- [The data]:
------------------------------------------------
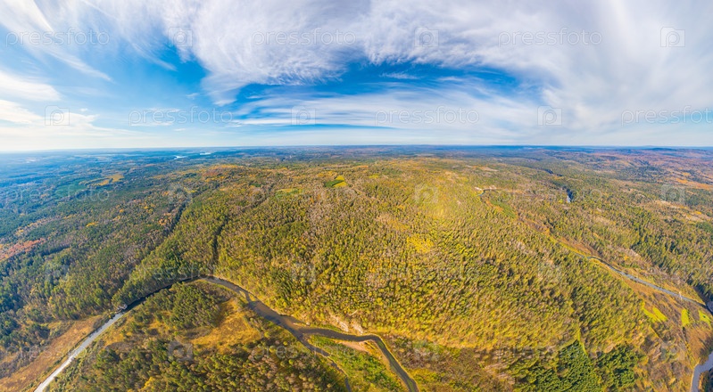 Бажуково, Россия. Легкая скала. Река Серга. Осенний пейзаж. Оленьи ручьи. Природный парк в лесистой местности, известной богатой флорой. Вид с воздуха
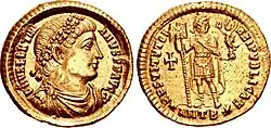 At the emperor's feet[59] is a "prisoner" with unbound hands. The pattern is an artistic creation, although it is based on accurate representations circulating in Gallic workshops[49] at the end of the 4th century.[60] In imperial depictions, the right hand held a prisoner or a shield. This scene is similar to representations on the reverse of circulating coins of the Gloria Romanorum type.[49] In another depiction, the emperor holds a standard in one hand, with a bound captive at his feet and the other on a shield.
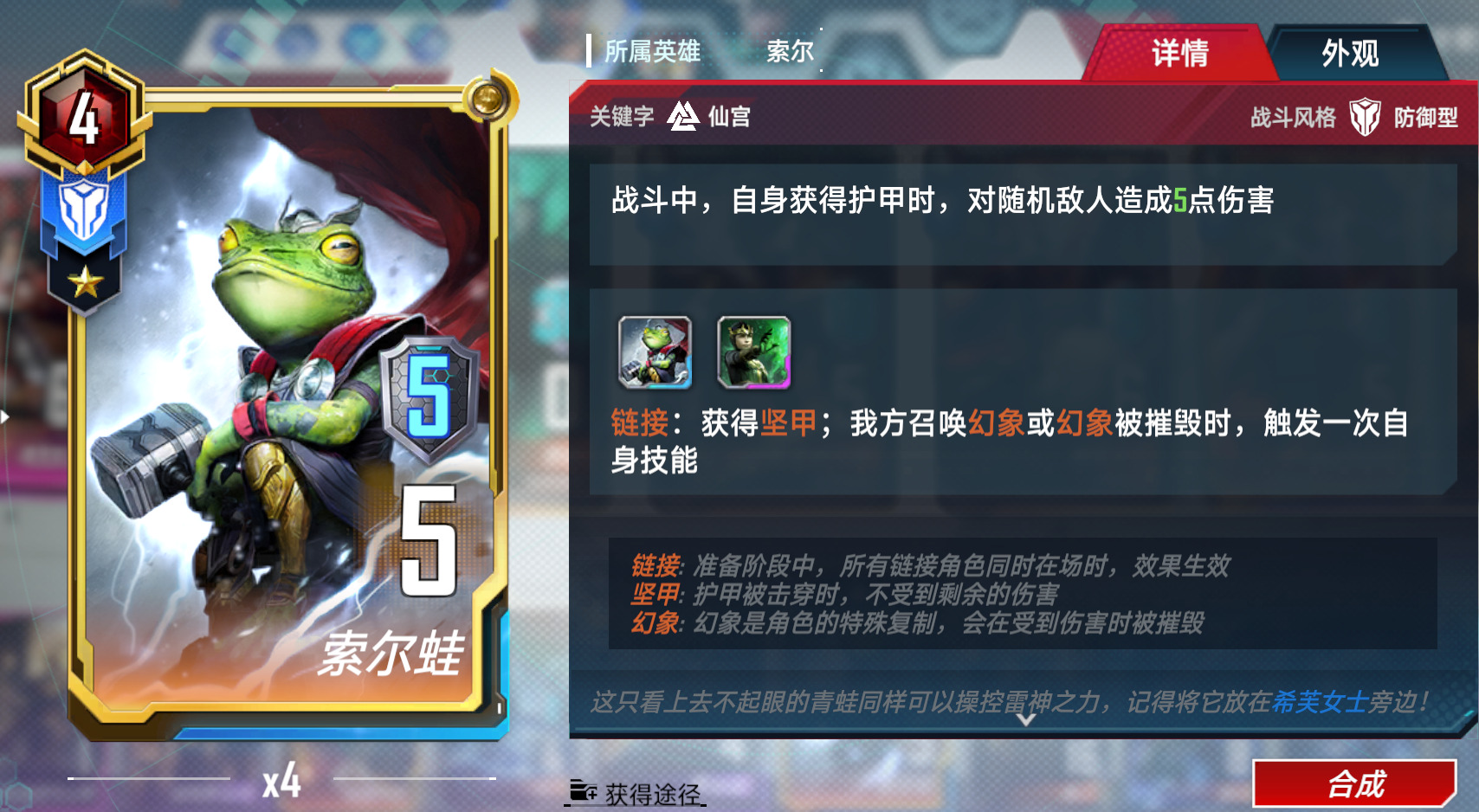 索尔蛙 链接(小洛基 )效果:获得坚甲;我方召唤幻象或幻象被摧毁,触发一次自身技能伤害。(伤害爆炸!牛!)
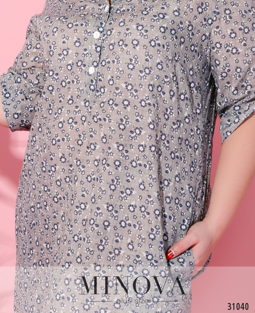 Свободное платье-рубашка в мелкий принт. Рукава собраны на планку с пуговицей. Горловина с вырезом оформлена планкой с пуговицами. Подол с карманами. Изделие без молнии.
------------------------------------------------
Would you print all of the material exactly as written, minus the pictures?

- [Result below]:
 Бажуково, Россия. Легкая скала. Река Серга. Осенний пейзаж. Оленьи ручьи. Природный парк в лесистой местности, известной богатой флорой. Вид с воздуха
 At the emperor's feet[59] is a "prisoner" with unbound hands. The pattern is an artistic creation, although it is based on accurate representations circulating in Gallic workshops[49] at the end of the 4th century.[60] In imperial depictions, the right hand held a prisoner or a shield. This scene is similar to representations on the reverse of circulating coins of the Gloria Romanorum type.[49] In another depiction, the emperor holds a standard in one hand, with a bound captive at his feet and the other on a shield.
 索尔蛙 链接(小洛基 )效果:获得坚甲;我方召唤幻象或幻象被摧毁,触发一次自身技能伤害。(伤害爆炸!牛!)
 Свободное платье-рубашка в мелкий принт. Рукава собраны на планку с пуговицей. Горловина с вырезом оформлена планкой с пуговицами. Подол с карманами. Изделие без молнии.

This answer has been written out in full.